The county has proposed instead to put up a guardrail with signs across the roadway. Commissioners will consider action on that proposal at their meeting Tuesday morning.
Kuretsch said a guardrail only will force people to park on his property and still will allow them to step over the barrier on their way to the lake.
“The county owns the property we are talking about and on the other side is the easement owned by Luminant,” Dixon said. “We bought the park property from Luminant and Luminant retains the right of first refusal should we try to sell any of it. We have offered suggestions, but none of them have been good enough for Mr. Kuretsch at this point. He has threatened us with criminal investigations and other actions. I don’t feel like I can speak to it much more.”
Felton, who owns property on the other side of the lake from Kuretsch’s property, did not return phone calls seeking comment for this story.
Dixon said the county is not going to build a security fence for Kuretsch. However, Kuretsch said he would be glad to pay for all the costs to survey the property, put up the high fence and maintain it.
“I do find it interesting that he has owned that property now for about six years and he didn’t even put a fence around his own house,” Dixon said.
Sheriff McNamara agrees that the lakeside area at the end of Redfish Lane “has been a really bad area for a lot of years now.”
“We have gone above and beyond trying to help Mr. Kuretsch,” McNamara said. “We show up every time he or someone else calls us out there and we have tried to help him every way we can. We have been called out there so many times it is unbelievable. But every time this guy calls, we respond. Sometimes people don’t like the outcome, but we do everything we can and will continue to do so.”
Kuretsch said a car was driven into the water from Redfish Lane and stayed submerged for three days until it was discovered by a fisherman. A dive team was called in to make sure no one was in the car.
Kuretsch said he kept an eye on the property for years while boating before he got the chance to buy it. Since then, he has cleared the land between his property and the lake, removed a huge pile of construction debris dumped there by a neighbor, removed 54 tires from the lake where the road ends and regularly mows the right-of-way between the lake and his property.
“I watched this property for many years from the lake in my boat, wondering what the story was,” he said. “There was chest-high grass, vines, brush, a huge mountain of remodeling debris dumped by an individual who lives on this road, and I went to work on it. I wanted it to look nice, as well as my personal place looking nice. I have done everything now for the six years I have owned this property. I have done maintenance down there by myself. I am doing the county a favor by maintaining it. The county essentially has abandoned it.”
He also spent about $3,000 to bring in gravel, grade and make other improvements on Redfish Lane.

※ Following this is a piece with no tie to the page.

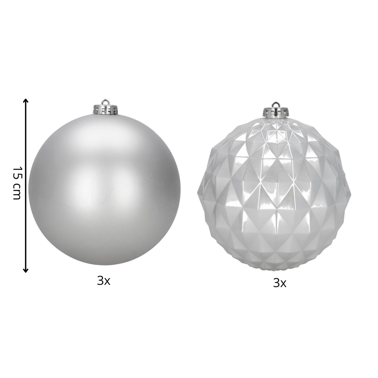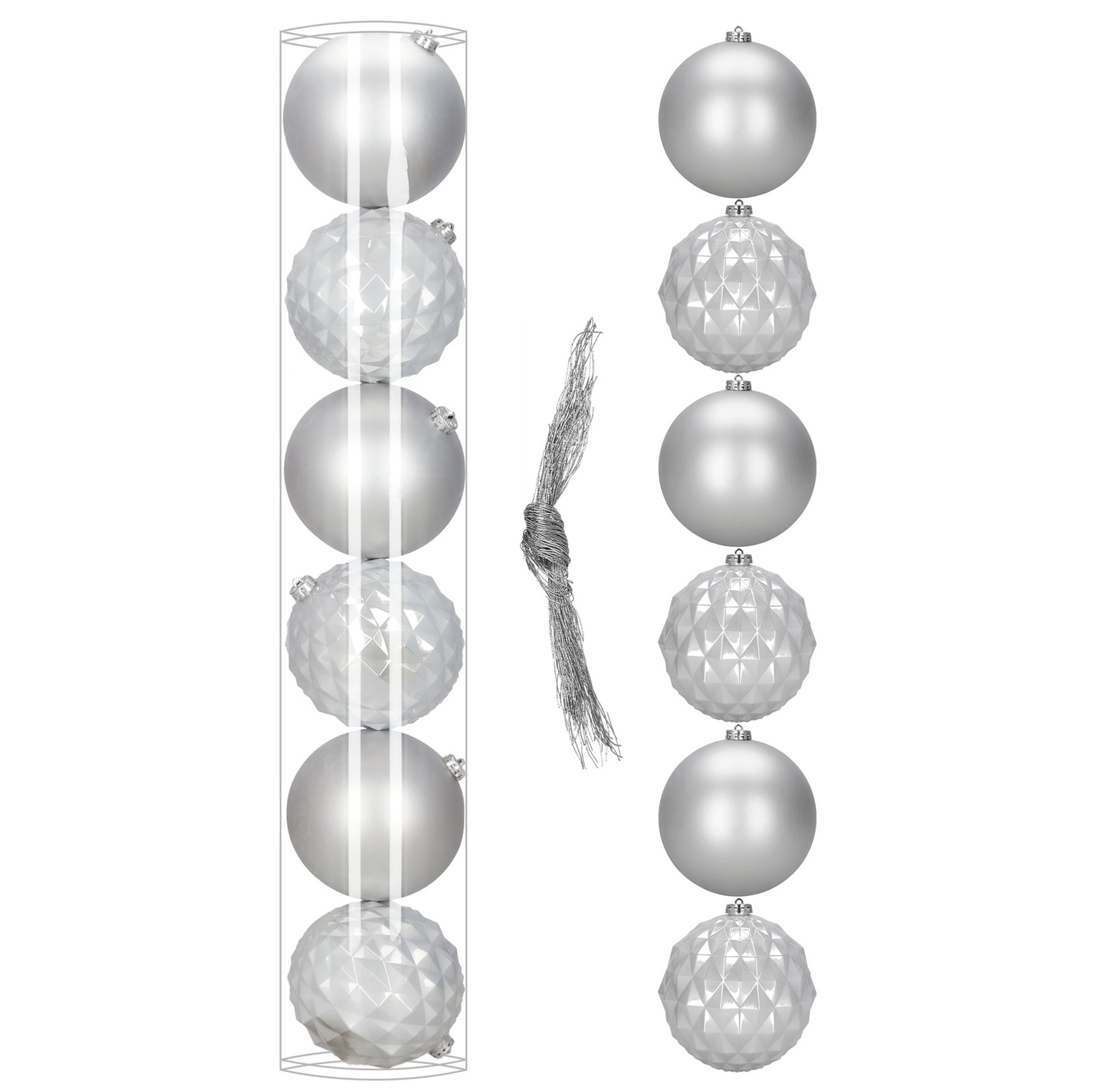 Bombki choinkowe, nietłukące 6 szt. dekoracje świąteczne 15 cm srebrne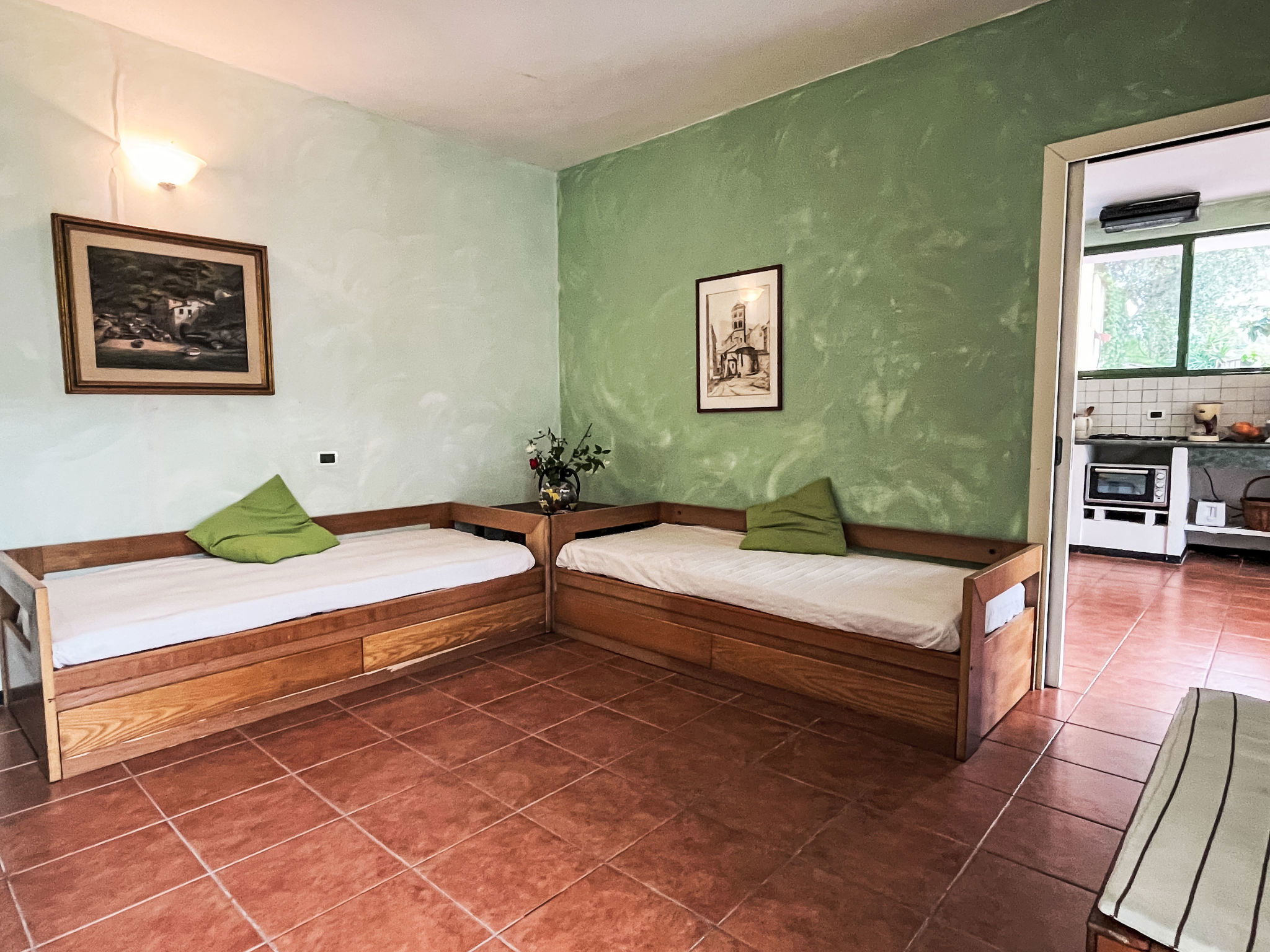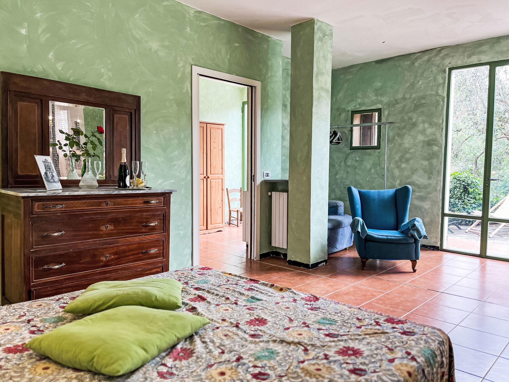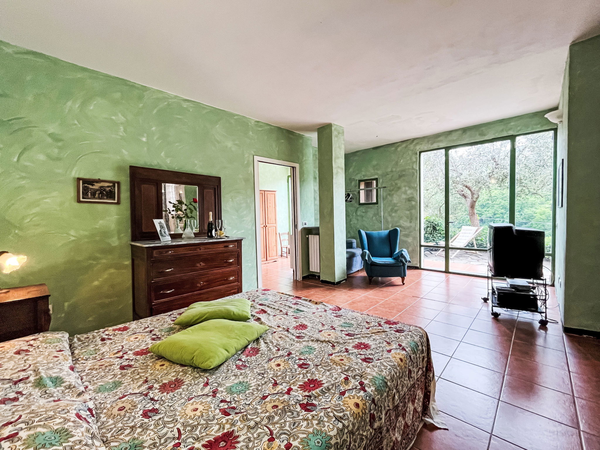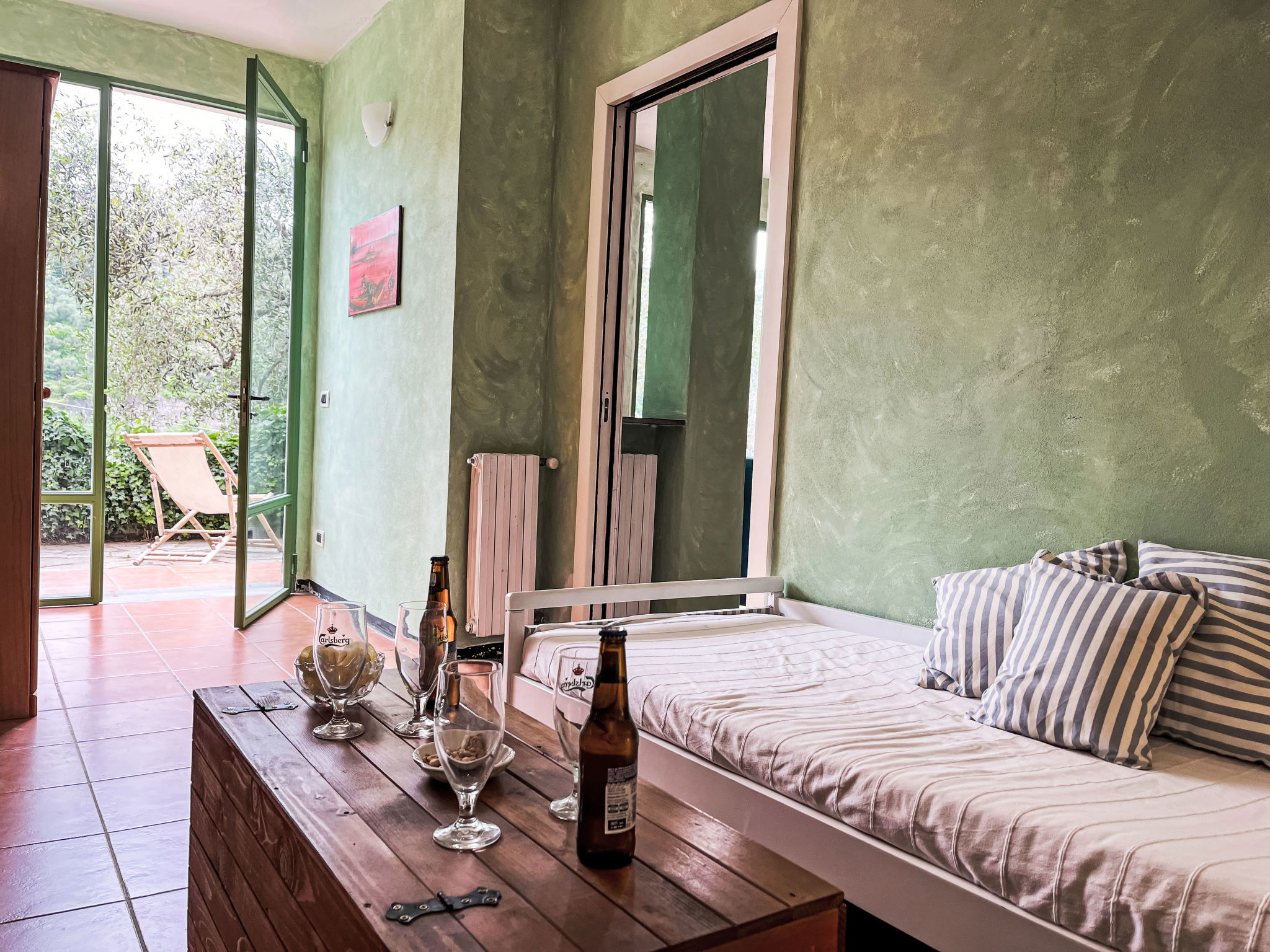 Beautiful, rustic 2-family house "NISSO", surrounded by trees. In the district of Isola Lunga, in the resort 1 km from the centre of Dolcedo, 6 km from the centre of Imperia, 35 km from the centre of San Remo, 5 km from the sea, in the countryside. For shared use: table tennis. Private: terraced garden (not fenced) with trees. In the house: washing machine. Parking on the premises. Grocery 100 m, supermarket 4 km, restaurant, bakery 50 m, café 400 m, bus stop 16.6 km, sandy beach "Imperia Borgo Marina" 6 km, outdoor swimming pool 6 km, indoor swimming pool 6 km.

“You can’t tell it now with all the traffic that has basically destroyed all the work I did on this road,” he said.
Kuretsch, who won’t go to the property now without a “witness” and a .40 caliber pistol strapped to his hip, said some of the “troublemakers” who use the road to gain access have told him they go there instead of the 180-acre county park just around the bend because they know the Redfish Lane property is not patrolled by county deputies because it is a private road.
“So they can come down here and drink, do their drugs and whatever they want to do and get away with it,” he said.
Mike Glockzin, who has been Hallsburg mayor for 22 years, has lived on property next to Kuretsch’s for 25 years. He acknowledges that there is a fair amount of what he called “rifraff” that use the private road to gain access to the lake. However, he said he personally hasn’t had any problems with them but is aware of the many times that sheriff’s deputies have been called to handle a variety of issues there.